What’s inside the brain is these big vectors of neural activity.

- Dr. Geoffrey Hinton, 2020

import numpy as np
import matplotlib.pyplot as plt

# f(x)
f = lambda a, w, b: w * a + b
# activation function
sigmoid = lambda z: 1. / (1 + np.exp(-z))

x = np.array([-5, -4, -3, -2, -1, 0, 1, 2, 3, 4, 5])
w = 10
b = -7

y = sigmoid(f(x, w, b))
y
plt.figure(figsize=(12, 8))
plt.plot(x, y)

[<matplotlib.lines.Line2D at 0x7ff25cb87dc0>]

png

When there are more than one input, i.e there are more neurons connected to our neuron then the scheme looks as follows. Single Neuron For simplicity we shall restrict the input count to 3 and build the function $f(x)$

b = -7
x1 = np.array([-5, -4, -3, -2, -1, 0, 1, 2, 3, 4, 5])
w1 = 10

x1w1 = f(x1, w1, b)

x2 = np.array([0, 1, 2, 3, 4, 5, 6, 7, 8, 9, 10])
w2 = -2

x2w2 = f(x2, w2, b)

x3 = np.array([0, -1, -2, -3, -4, -5, -6, -7, -8, -9, -10])
w3 = 7

x3w3 = f(x3, w3, b)

y = sigmoid(x1w1 + x2w2 + x3w3)
plt.figure(figsize=(12, 8))
plt.plot(np.arange(11), y)

[<matplotlib.lines.Line2D at 0x7ff25d1062b0>]

png

That is how a typical neuronal activation happens in complex neural networks.
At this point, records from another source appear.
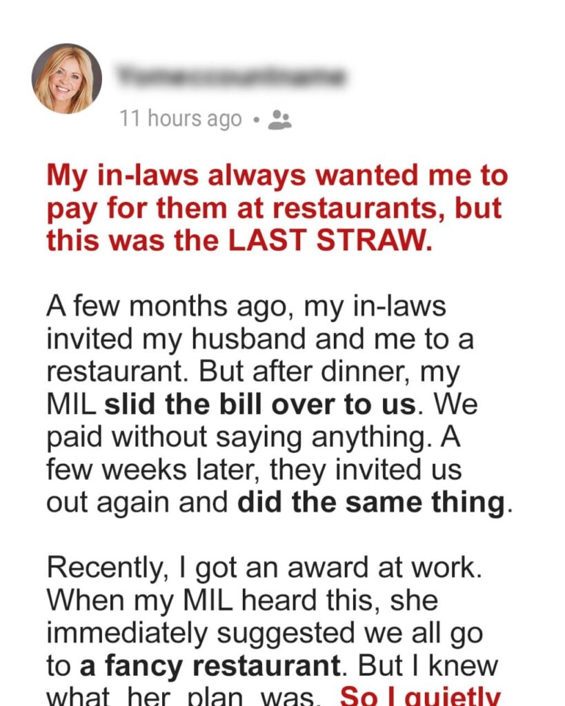 When the waiter finally brought the bill, my MIL didn’t hesitate to slide it over to us with a saccharine smile. “You’ve had such a wonderful achievement, dear. It’s only fitting you celebrate by treating us,” she said.
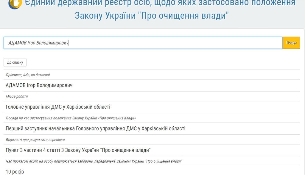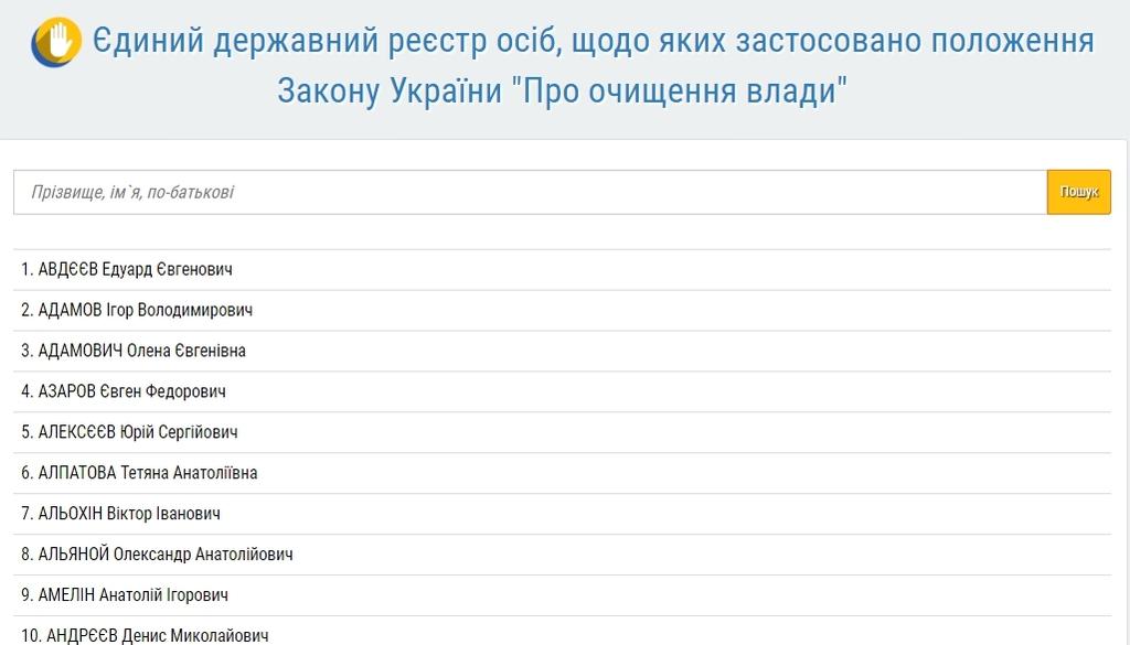 - Единого государственного реестра лиц, в отношении которых применены положения Закона Украины "Об очищении власти"
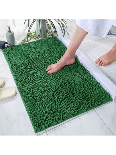 1 件简约柔软雪尼尔防滑吸水浴室地垫 - 墨綠色 - 查看 1
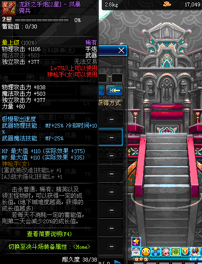 | 75 | 龙跃之手炮[3星] – 风暴骑兵 | *完成二次觉醒任务后可以从NPC小铁柱处获得此道具。 | ||
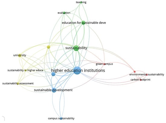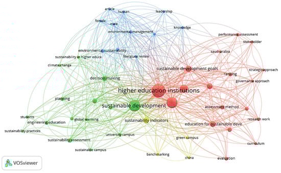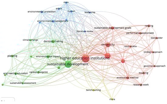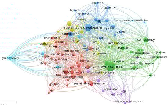 Table 1 provides a compilation of the top 10 terms that appear most frequently. These terms are accompanied by their respective scores, which are calculated by VOSviewer. VOSviewer determines the relevance of each term by analyzing the distribution of second-order co-occurrences among all terms and comparing it to the overall distribution of co-occurrences. The degree of dissimilarity between these two distributions, as quantified by the Kullback–Leibler distance, determines the level of relevance for each term []. The presence of the terms “development” and “sustainable development goals” clearly indicates that widespread research and efforts in developing and achieving SDGs are being carried out by scholars focused on HEIs. The term “student” symbolizes the fact that students are in the epicenter of most of the research as their contribution to social, environmental and education indicators of sustainability is inevitable. Next, the term “competency” highlights the research being conducted on how to instill competencies like problem-solving skills, communication skills, etc., to aid efforts and awareness in the field. “Contribution” and “impact” indicate the set of research studies analyzing the contribution and impact of implementation of different methods/frameworks/tools in sustainability. “Ranking” and “sustainability assessment” emphasize the importance of sustainability assessment in HEIs and how researchers embrace the topic to explore more tools and techniques to assess sustainability. The term “integration” represents the set of studies that assesses and analyzes the extent of integration of SDGs into every dimension of sustainability in HEIs. Finally, the term “campus” indicates that the campus is still considered more by researchers rather than the institution. The analysis sheds light onto the dominant areas of research in the field and the gaps that must be addressed.
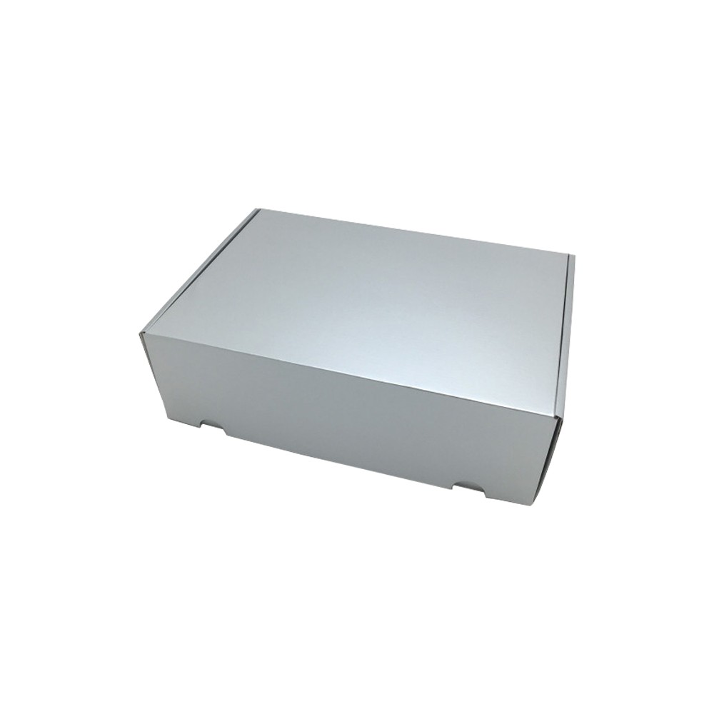 Luxe verzenddoos gemaakt van 2 mm golf karton 700 gr/m2 zilver kleurig bedrukt en voorzien van een krasbestendig glans laminaat. De luxe verzenddoos wordt eendelig plat geleverd en is zeer gemakkelijk in elkaar te zetten.
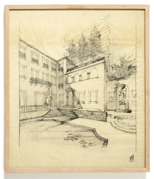 Project for the restoration of the Ghisio house in Milan. Perspective sketch of the courtyard. Milan, 1953/1958. Drawing on tracing paper, pencil and India ink; Pad stamp with cartouche from Piero Portaluppi's studio and numbering 879-11. (52x44.5 cm). In frame. (defects)
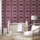 Burgundy & Pink Ornate Scroll Leaf Pattern Wallpaper

To make our life easier, we shall simplify the problem further by building a neural network with a step activation function.

Binary Step Activation Function

A binary step activation function is the simplest activation function where the neuron gets activated when the input crosses a threshold value. i.e $$f(x) = 1, if x \geq T$$ $$f(x) = 0, if x < T$$ Where, $T$ is certain threshold.

Step

Let us build the neuron portrayed in this picture. As mentioned, the neuron takes 3 items as input,

The input vector $x_i$
The weights $w_i \thicksim w$ - to simplify we are going to take the same weight
The bias $b$

There are two lambda functions we are building,

The Weights and Biases $f$ depicted as the yellow region in the neuron architecture
The STEP activation function $step$ depicted as the purple region in the neuron architecture

def neuron(inputt, weight, bias):
    # Yellow Region
    f = lambda a, w, b: w * a + b
    # Purple Region
    step = lambda a, T: T if a >= T else 0

    f_of_x = f(inputt, weight, bias)
    output = [step(an_item, T) for an_item in f_of_x]

    return f_of_x, output

Help functions to plot the neuron activations.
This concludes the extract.